A chap with a big briefcase from a swanky Premier League club arrived offering riches beyond his and his family's wildest imagination. What did Fifa want wide-eyed Gaël to say when the chap spoke of the chance of playing alongside Lampard and Ballack – "Erm, no thanks, because the small print on that contract my mother signed forbids it"?

Kakuta should never have been punished. In society, we don't punish children in the same manner in which we punish adults, and there's a very good reason for that. Their crimes are unwitting, they are not premeditated, they are not understood. All three apply to Kakuta in one sense, but palpably don't in another. Because Kakuta never signed anything personally. Minor or not, he did nothing at all wrong. But then, someone might have. So go ahead Fifa, make an example of the case, of the agent, of the football club. But do not make an example of the player. He was just a boy who wanted to play football. What are Fifa there for if not to help boys play football? They have acted contrary to the premise for their very existence.
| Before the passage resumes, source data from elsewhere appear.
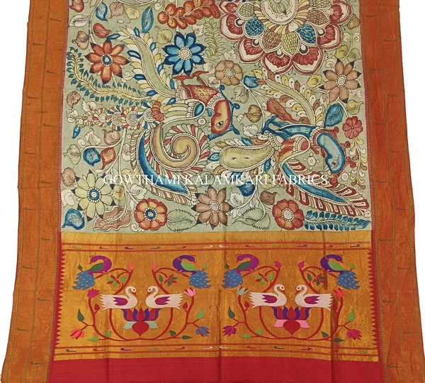 THE REAL FLORAL  HAND PAINTED PEN KALAMKARI WITH PAITHANI BORDER DUPATTA
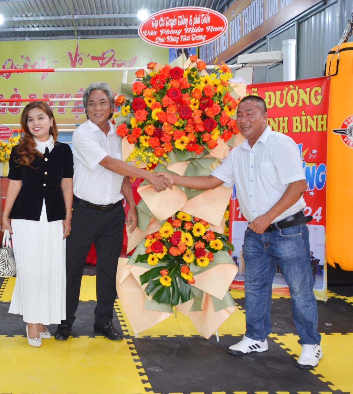 Nhà báo Nguyễn Quang Hiệp, phó Tổng biên tập áo trắng ( bên tay trái) tặng hoa chúc mừng khai trương Võ Đường.
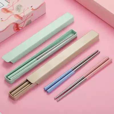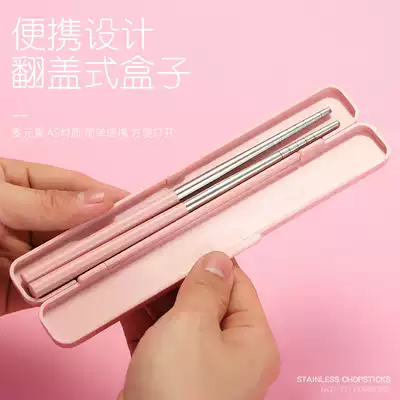 Chopsticks box portable take-out travel tableware student Japanese style 304 stainless steel lunch chopsticks storage box 1 Double Pack
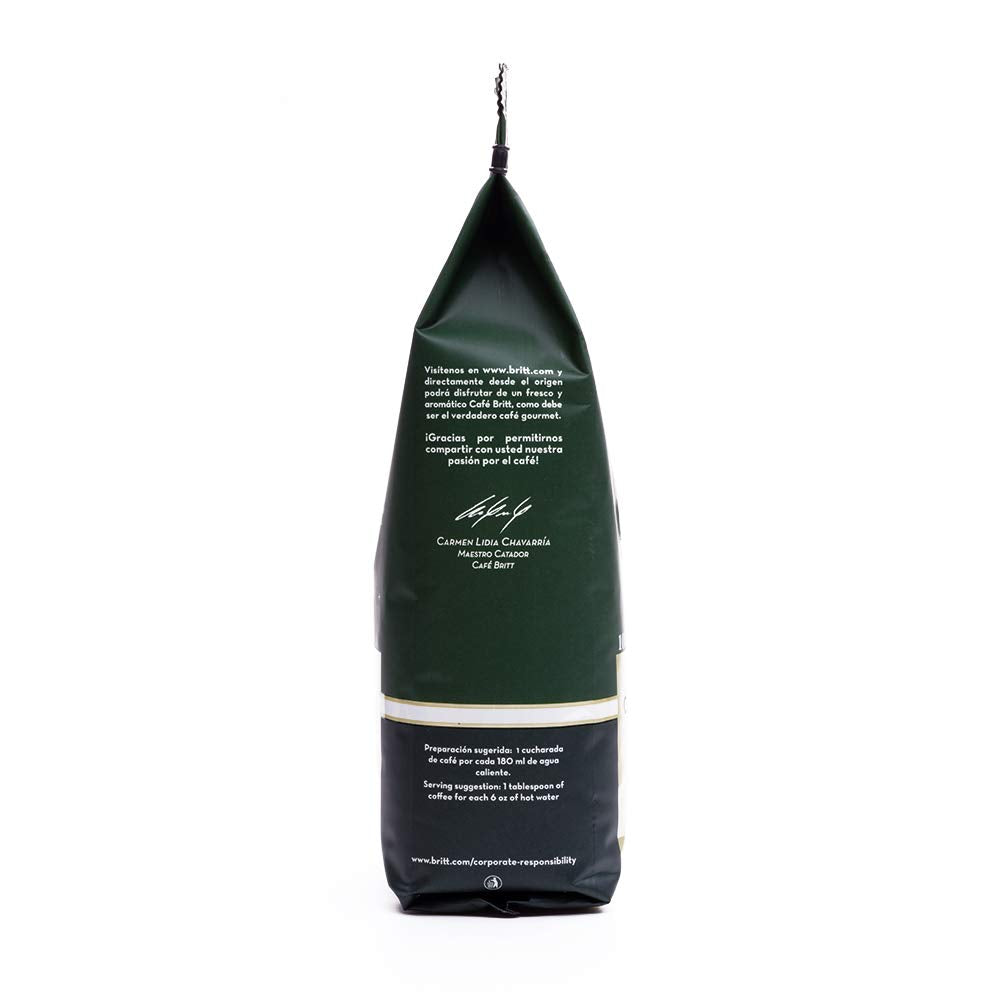 Café Britt® - Costa Rican Dark Roast Coffee (12 Oz.) - Whole Bean, Arabica Coffee, Kosher, Gluten Free, 100% Gourmet & Dark Roast (1 Year Shelf-Life)
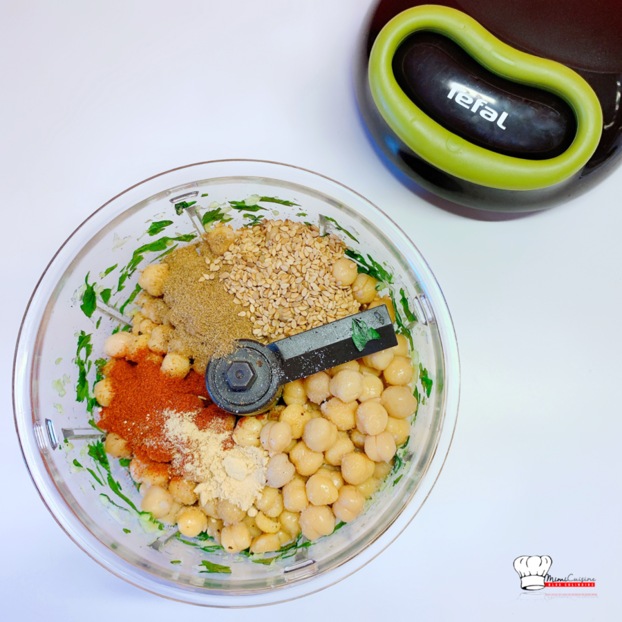 - Placez les pois chiches, le gingembre, le cumin, le paprika, les graines de sésame, sel et poivre.

If only the same could be said about Chelsea. To the top professional clubs it's all about success and how that success can be converted into money or self-glorification. Or in Roman Abramovich's fantasy, both. Sure, Chelsea will insist that a principal factor behind this appeal was to have Kakuta's ban overturned. But excuse us while we wipe away the tears with a £1,000 season ticket.

If Kakuta's interests were the priority, Chelsea would not have stalled the Fifa ruling. Kakuta is about six weeks into his ban and was looking forward to a return, to a fresh start, sometime in January. As far as he was concerned, the affair would then have been at an end. An 18-year-old could have gone back to living his dream.

Instead he will return to reserve-team football, but do so with the sanction still hanging over him. He will try to continue his development in the knowledge that he may get a phone call informing him: "Sorry, Gaël, but Fifa upheld their decision and the ban restarts." He is in a unique position and it is undeniably a wretched one. All this and the kid is blameless. His handlers might be to blame, Chelsea might be to blame, the game's win-at-all-costs culture might be to blame. But just remember, Gaël Kakuta isn't.

We can only hope this blatant injustice does not derail what is whispered to be a special talent. If it does, football should feel truly ashamed. It made a victim out of a mere boy.

Grand prix antics drive me round the bend

Are Renault on the brink of doing a Groucho Marx – refusing to be part of a sport that would ever have them as a member?

Alas, no. There would not be a trace of shame involved if the car-makers decide to withdraw from Formula One.

This would be all about the financial crisis and absolutely nothing to do with the crash ordered by Renault's two Formula One chiefs, which could easily have ended in injury or even with the loss of life.

With hundreds on the brink of losing their jobs this is obviously not the time to be flippant, or to whisper of the irony of Renault opting to expel themselves after the F1 authorities delivered a sham of a ruling to ensure – in their own pathetic logic – that a supposedly money-laden team remained on the grid.

But one day there will come a time. Probably when this Machiavellian excuse for a sporting organisation come tumbling down in their own corruption. The lap-counter is ticking.

Letter of the week

How unfortunate that the article by James Corrigan castigating Fergie should coincide with the weekend when English referees showed their ineptitude. Nine red cards in 10 Premier League games would lead some to believe the players involved are brutish thugs who kick everything in sight whereas the reality is the games were overseen by referees who have greatly enlarged egos to go with their apparent myopia. Is there any other group of people so sheltered from criticism? Why can't they be interviewed after a match as managers are?